If I could write my life story, which has
been so very hard to do, I’d write of how I awoke so suddenly
out of a dream that was actually true.
I awoke and looked around to see my three
babies almost grown; and I wept for all the lost times that I
attempted to build them a happy home.
I’d tried so hard to love them as a mommy
is supposed to do; yet being both mommy and daddy caused it so
very hard to pursue.
I’d tried to steal all precious moments on
tape and camera too; yet it seems I’ve lost most records, so my
memories will have to do.
To me, they are still my babies; my three
miracles God made come true; I just thank God that I’ve not lost
them, and somehow I’ll make it through.
As I dreamt of my beginning, it seems as
just yesterday; a tiny child so innocent, yet her innocence was
take away.
The pain is still unbearable; I cannot even
write it down; I’d rather say that I dreamed it; for by
dreaming, I’ll come “around”.
I’d rather remember my Christmases, so
bright and filled with lights!
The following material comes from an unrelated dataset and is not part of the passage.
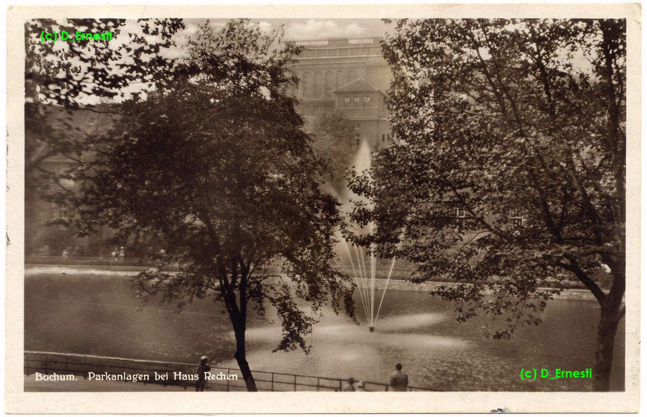 Echtfoto-Postkarte, benutzt 1941. Gesehen von der Terasse des Hotels Haus Rechen.Mit Wassergraben ("Rechener Weiher") und verweilenden Personen auf Parkbänken am Museum, gut auf der vergrößerten Ansicht zu sehen. (Foto - 600 dpi-Datei! - größer sehen: - hier klicken!) |

Fruits, nuts and peppermint candy,
and the snow, so cool, so white!
I like to remember Baby Jesus, of how He
came to be; of how He grew and suffered, then hung out on Mount
Calvary.
I guess I should be more grateful, of how my
dream turned out to be; for whenever I see the suffering of
others, how selfish I must be!
Yet sometimes I become so angry, until my
anger becomes all drained; sometimes I wake up crying for a mommy
who never came.
Sometimes I’m as a small child, so
helpless and so sad; sometimes I paint pretty pictures of the joy
I must’ve had.
I tried hard to give my children a life that
I never knew; yet I suppose I tried too love them; but somehow, I
think they knew!
It’s very hard to try and let go of a
dream that actually came to be; to put it all behind my life, and
to actually focus on just me.
It’s something I may never get over; I’ll
remember it every single day; yet I must learn how to live a new
life now; a new life come what may!
I’ve had many faults and failures; yet I
do not give up; I still try; to continue a life of hope and of
faith in a God that will never ever die!
As I paint my pretty pictures of a
peacefulness that I now see; I find such sweet peace in Jesus, for
He now lives inside of me!
I know that without this peace, my whole
life would have fallen apart; I’d have withered somewhere into
emptiness, and then to death from a broken heart!
Each day I am thankful for another one; even
when the sun may fail to shine; for there is a sun that shines
within me, even when I forget to smile. And it shines from deep
inside!
- Caroline M.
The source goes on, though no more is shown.